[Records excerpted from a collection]

━━━

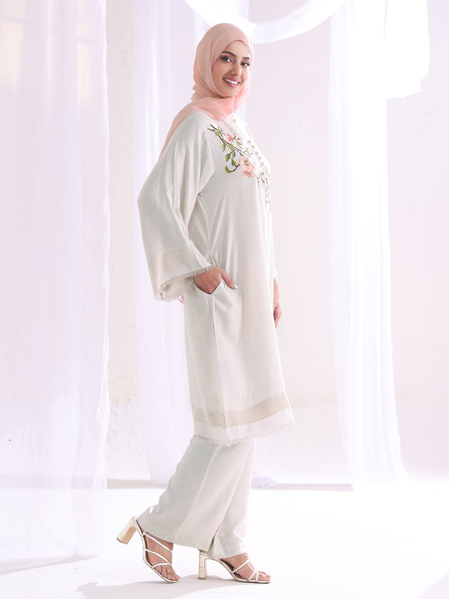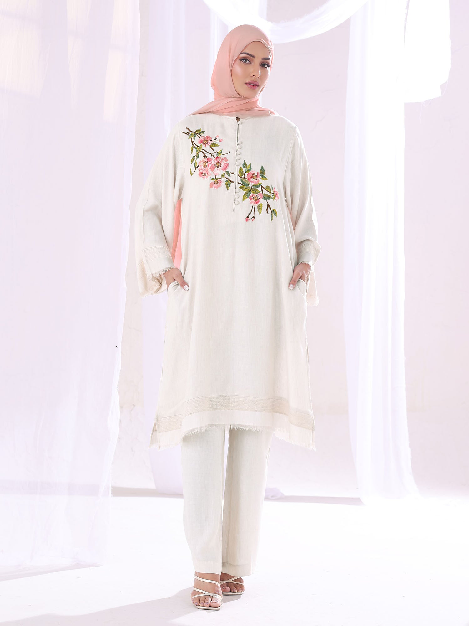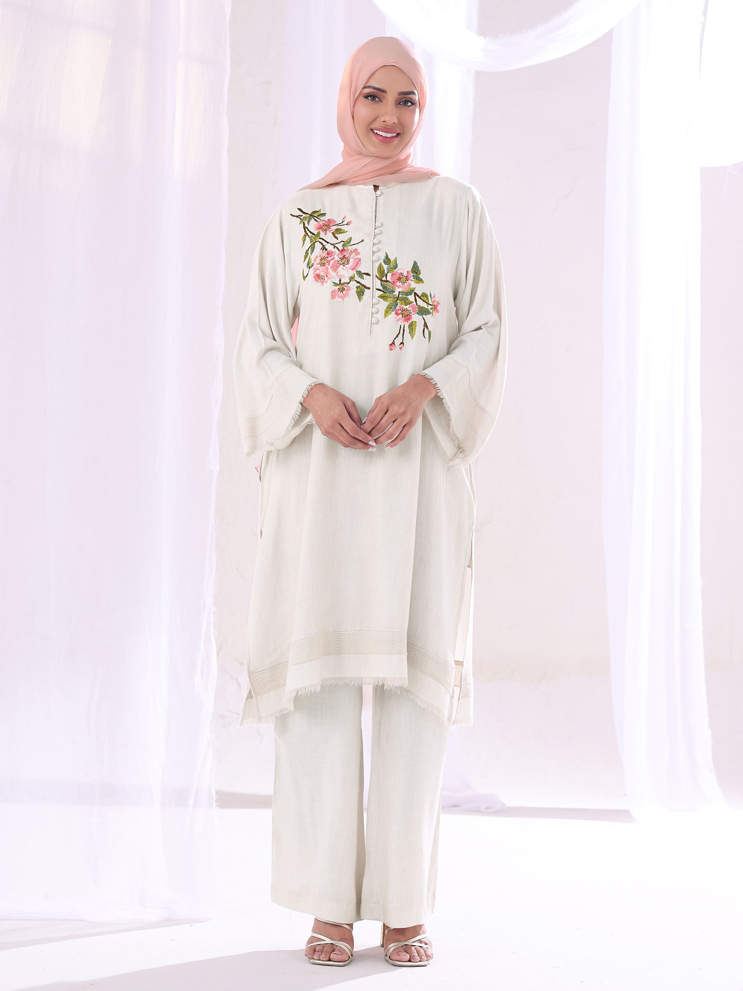 A serene cream Kahddi Viscose kameez and shalwar set designed for everyday elegance and comfort.
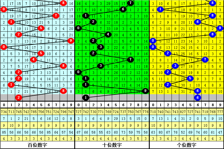 从以上统计可以看出,百十位两码合差7与1同时出现之后其下期两码合差表现最热的4个分别为:0134,本期百十位两码合差可以参考这四码中的数据。
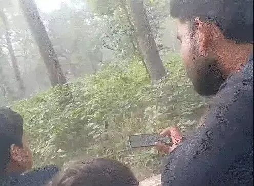 पहली बार जंगल सफारी पर गए बच्चे बाघ को देखने की जिद कर रहे थे, दोपहर के समय जब झाड़ियों में हलचल दिखाई दी तो जिप्सी के ड्राइवर ने गाड़ी की रफ्तार धीमी कर दी। इसी दौरान बाघ को देखकर जिप्सी में सवार बच्चे अपना मोबाइल निकाल कर वीडियो शूट करने लगे।
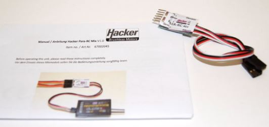 Der Para-Rc Mix ist speziell für das RC-Paragliden und für ferngesteuerte Skydiver/Fallschirmspringer entwickelt worden. Das spezielle Mixprogramm von Höhen- und Seiten-(bzw. Querruder-)funktion ermöglicht ein vorbildgetreues Steuern. Dieser Mixer bewegt auf 50% Steuerweg des Senderknüppels nach rechts eine volle Bewegung des Pilotenarmes von ganz oben nach ganz unten. Nach links entsprechend den linken Arm. Dazu wird jetzt noch die Bremsfunktion hinzugemischt. Wenn der Höhenruder-Steuerknüppel von Nullstellung aus nach unten gezogen wird (50%) so bewegen sich beide Arme proportional von ganz oben bis ganz unten. Links/rechts und bremsen sind somit gemischt, ähnlich wie bei einem Deltamixer, allerdings mit wesentlich mehr Steuerweg (voller Servoweg).
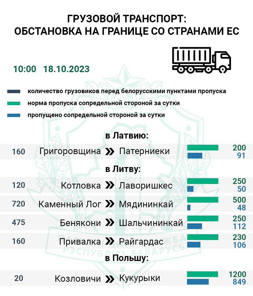 Через латвийский пункт пропуска "Патерниеки" (сопредельный "Григоровщина") в ЕС проследовали 45% фур от нормы. Через польский пограничный переход "Кукурыки" ("Козловичи") в ЕС въехали 70% грузовиков от нормы.
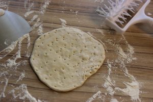 - Wir formen die Pita mit einer Breite von ca. 15 cm und gehen einmal mit einem Stipproller über den Fladen, alternativ mehrmals mit einer Gabel einstechen.
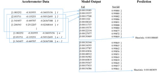 Fall prediction using all three variants of LSTM-based architecture is made on a sliding window of data that is W data points in length. Each prediction outputs a probability of fall between 0 and 1. Figure 5 depicts the prediction schematic. The model prediction begins once the number of sensor data points acquired is equal to the number of the configured window size W. Every model prediction thereafter will only require additional data points, which is the step size S. That means the consecutive windows have a time step overlap. However, before producing a final prediction, we generate a heuristic value based on the probabilities produced by the average of 20 consecutive model predictions. This value is derived from experimentation, with values ranging from 1 to 20 with five increments. In essence, we compute the average value of 20 consecutive probabilities and compare this with a pre-defined threshold value. During the training and validation of the model, a threshold of 0.5 yields the optimal results, and is used in the SmartFall App. If the average probability exceeds this threshold, then it is considered a fall prediction. This helps to prevent isolated positive model predictions from triggering a False Positive.
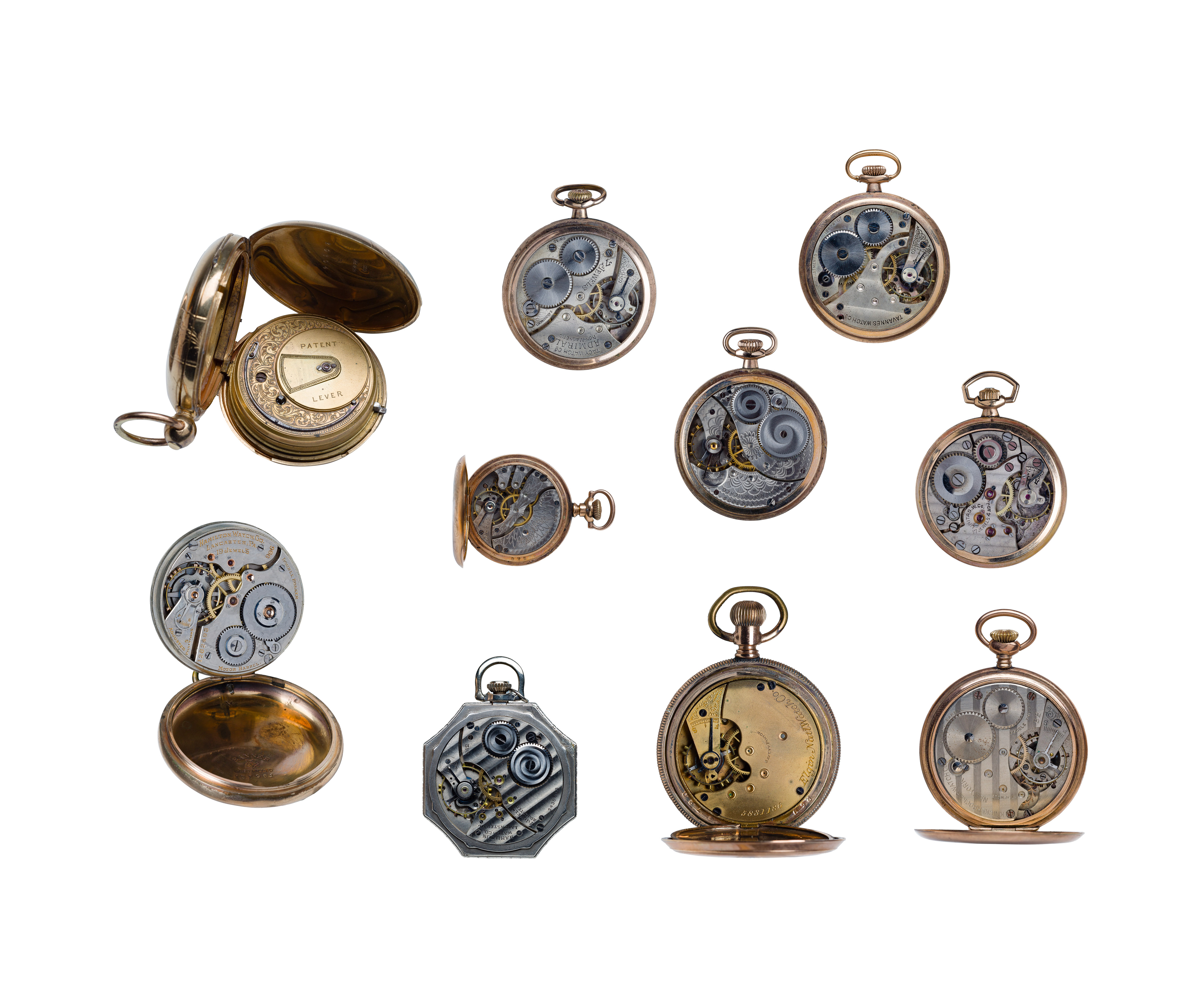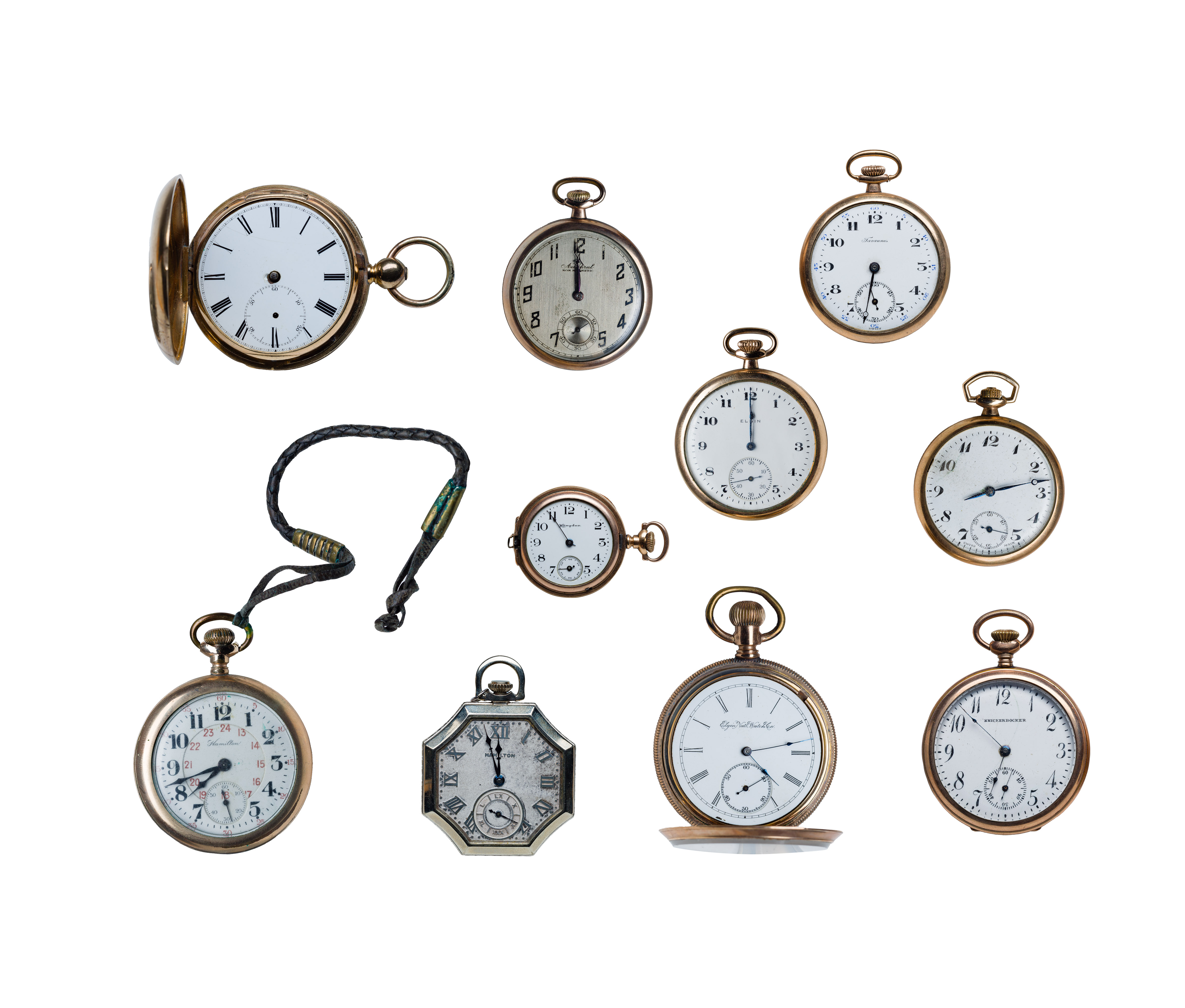 (10) items including Elgin open face hunter case, serial # 5831186, 7-jewels, c.1890, model 16s, grade 104, dial having Roman numerals, baton hands, subsidiary seconds dial and pendant wind, Elgin open face Wadsworth case, #20503009, 7-jewels, 1918, model 12s, grade 104, dial having Arabic numerals, baton hands, subsidiary seconds dial and pendant wind, Hamilton open hunter case, #131961, 17-jewels, 1900, size 18s, model 2, grade 912, dial having Roman numerals, spade hands, subsidiary seconds dial and a lever set, Hamilton octagon open case, #3438603, 17-jewels, 1936, model 12s, grade 104, dial having Arabic numerals, spade hands, subsidiary seconds dial and screw set, an unmarked hunter case, having the Jos. H. Anderson (London store) engraved on workings, key wind, enamel face and Roman numerals, a Tac Admiral open case, Swiss made, 7-jewels, c.1925, silver face, subsidiary seconds dial and spade hands, a Unitas Watch Co, Swiss made open face hunter case, manual wind, 17-jewels, Arabic numerals, subsidiary seconds dial and spade hands, a Hampden Molly Stark hunter case, #2228054, 7-jewels, 1908, model 4, 3/0s, dial having Arabic numerals, baton hands and lever set, a Knickerbocker open face hunter case, 7-jewels, enamel face, Arabic numerals, subsidiary seconds dial and a Tavannes open face case #12624107, 7-jewels, enamel face Arabic numerals, subsidiary seconds dial and breguet hands

━━━

■ Work item ■
Please give back exactly the lines from the first line of the records above through the line containing "从以上统计可以看出,百十位两", only those and both included, with the pictures removed.

■ Solution to this problem ■
 A serene cream Kahddi Viscose kameez and shalwar set designed for everyday elegance and comfort.
 从以上统计可以看出,百十位两码合差7与1同时出现之后其下期两码合差表现最热的4个分别为:0134,本期百十位两码合差可以参考这四码中的数据。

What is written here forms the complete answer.